**Supplied data:**
####################
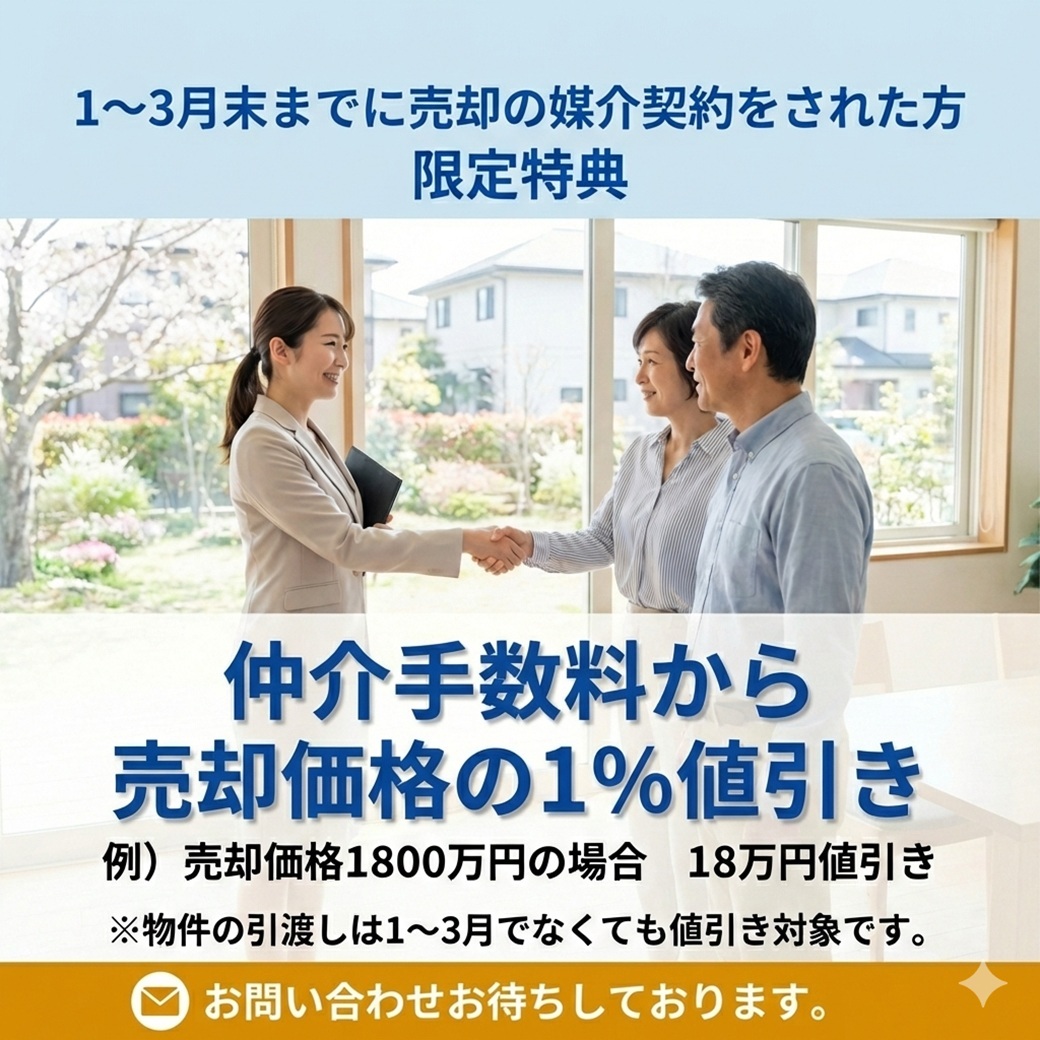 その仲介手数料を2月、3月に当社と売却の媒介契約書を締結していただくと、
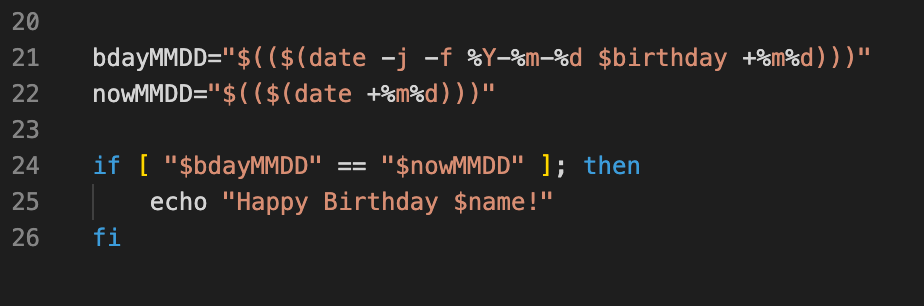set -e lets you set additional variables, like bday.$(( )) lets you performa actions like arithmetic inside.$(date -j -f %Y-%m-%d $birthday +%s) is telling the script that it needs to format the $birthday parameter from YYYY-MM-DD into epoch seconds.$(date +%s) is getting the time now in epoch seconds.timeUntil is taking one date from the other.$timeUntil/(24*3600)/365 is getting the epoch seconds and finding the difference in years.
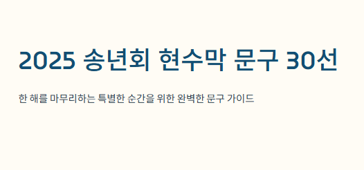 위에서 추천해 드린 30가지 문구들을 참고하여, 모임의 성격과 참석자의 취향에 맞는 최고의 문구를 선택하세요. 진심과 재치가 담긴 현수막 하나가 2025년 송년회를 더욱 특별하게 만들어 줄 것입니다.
####################
A faithful transcription of the material, with no pictures, is the expected result.

**Answer for this exercise:**
 その仲介手数料を2月、3月に当社と売却の媒介契約書を締結していただくと、
set -e lets you set additional variables, like bday.$(( )) lets you performa actions like arithmetic inside.$(date -j -f %Y-%m-%d $birthday +%s) is telling the script that it needs to format the $birthday parameter from YYYY-MM-DD into epoch seconds.$(date +%s) is getting the time now in epoch seconds.timeUntil is taking one date from the other.$timeUntil/(24*3600)/365 is getting the epoch seconds and finding the difference in years.
 위에서 추천해 드린 30가지 문구들을 참고하여, 모임의 성격과 참석자의 취향에 맞는 최고의 문구를 선택하세요. 진심과 재치가 담긴 현수막 하나가 2025년 송년회를 더욱 특별하게 만들어 줄 것입니다.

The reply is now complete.